El almirante que tenía el viento a su favor
Para los que no navegan es muy difícil comprender cómo se podían gobernar aquellos pesados barcos de vela que, por lo general, se arrastraban sobre la superficie de la mar a golpe de ingenio e intuición, y se hacía casi imposible combatir con ellos. Pero de todo ello le sobraba a Antonio Oquendo, extraordinario marino donostiarra, que aprendido las duras lecciones que siempre da la mar de su padre, otro magnífico hombre de mar, curtido en mil combates junto al más grande, el Marqués de Santa Cruz. Y, posiblemente, le contaría a su hijo cómo juntos lograron derrotar a los turcos otomanos en la batalla de Lepanto; o lo que sería mucho peor, cuando le vio morir a la edad de once años, a su regreso a casa derrotado por las tormentas y la impericia de quien Felipe II puso al mando de la mal llamada Armada Invencible. Por eso, cuando aquella mañana del 12 de junio de 1631 zarpó de Lisboa con rumbo a Brasil en su nuevo galeón, el Santiago, protegiendo a las carabelas portuguesas que transportaban a la infantería de marina española, tras conocer la provocación de los holandeses en tierras brasileñas, solo se trató para él de una travesía más, de otro litigio naval que resolver. Sin embargo, era consciente de que al otro lado del Atlántico le esperaba la fenomenal escuadra del Almirante holandés Adrian Pater, que pretendía expulsar a españoles y portugueses, que por entonces compartíamos imperio, del estado de Pernambuco en Brasil. Sin todavía divisar tierra el marino guipuzcoano fue el primero en ver los palos de los barcos enemigos y en un acto de gran pericia ordenó a los capitanes de las carabelas portuguesas que desembarcasen a la infantería de marina antes de entrar en combate y pudieran servir de refuerzo en tierra. De sobra sabía el veterano almirante que los barcos que tenía a su proa armaban cañones del doble de potencia que los suyos, por lo que su única preocupación consistió en ganar barlovento todo lo que pudo, cazando cabos al máximo y orzando hasta no poder más, lo que le otorgó una privilegiada posición de superioridad sobre la flota enemiga.

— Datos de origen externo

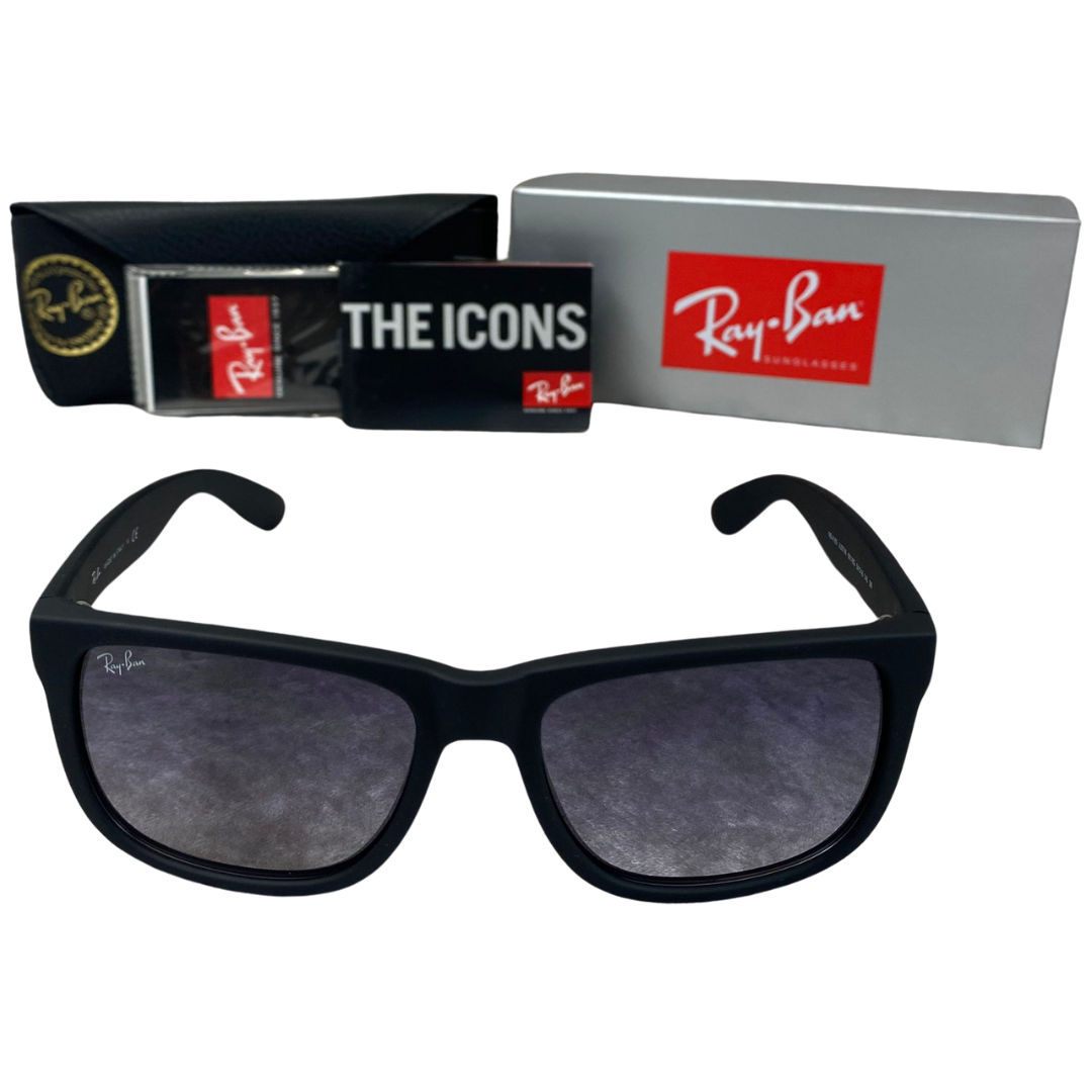 The Ray-Ban RB4165 601/8G Black Sunglasses are the epitome of contemporary style and comfort, perfect for fashion-forward individuals. These brand new, unused sunglasses are delivered in their original packaging, ensuring they arrive in immaculate condition. The RB4165 model, also known as the Justin, features a bold, matte black frame that offers a sleek and modern aesthetic.
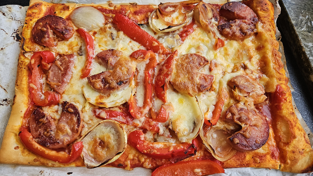 남편이 마음대로 토핑을 올려서 피자를 구웠다.
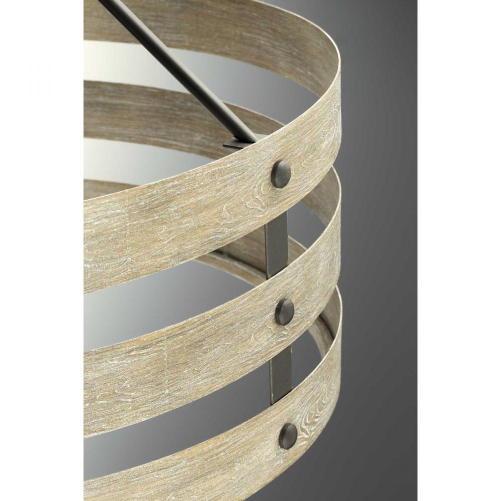 Graphite finish.;Three circular bands wrap together to form open design.;Hand painted to emulated weathered driftwood.;Accented by smooth knobs and exposed bulbs.;Ideal for rustic farmhouse decor.

Con esa precisa maniobra, los galeones españoles pudieron moverse a su antojo impulsados por un viento franco y estable, mientras que los barcos enemigos solo podían huir o hacer frente en maniobras muy complicadas y de escasa movilidad y eficacia, lo que les dejó al antojo de las descargas de la flota española. Siempre fue esa privilegiada visón de la anticipación lo que le permitió a Oquendo adelantarse en los combates, ganando la superioridad en la mar, algo que solo te otorga tener el viento de tu lado, pues, sin velocidad, los galeones de la época eran torpes trozos de madera expuestos a los enemigos y al capricho de mareas y vientos. Pero este extraordinario marino empezó a navegar en el duro Cantábrico, donde los vientos soplan siempre de forma caprichosa, pues, o lo hacen brutalmente, o a penas las brisas del Este logran que los veleros hagan proa. Por ello, quien aprendió a mover barcos y velas en esas condiciones, cuando alcanzaban las costas bañadas por los constantes vientos Alisios se convertía en un verdadero maestro de la navegación, con una capacidad inusitada para situar sus naves donde sus ojos miraban. La batalla de Pernambuco, o de los Abrojos, termino deformado de «abre los ojos» se dio en un lugar plagado de bajos o escollos; los marinos de antaño marcaban esos lugares como abrolos, o abre los ojos, pues, de no hacerlo, naufragaban con suma facilidad. La gran victoria de Antonio Oquendo en las costas de Brasil en el siglo XVII, a pesar de los más de 580 españoles que fallecieron en el cruel combate, fue un verdadero éxito para la Real Armada Española, pues, la nave capitana holandesa también fue hundida e incendiada con su altanero y prepotente Almirante Pater a bordo de la embarcación.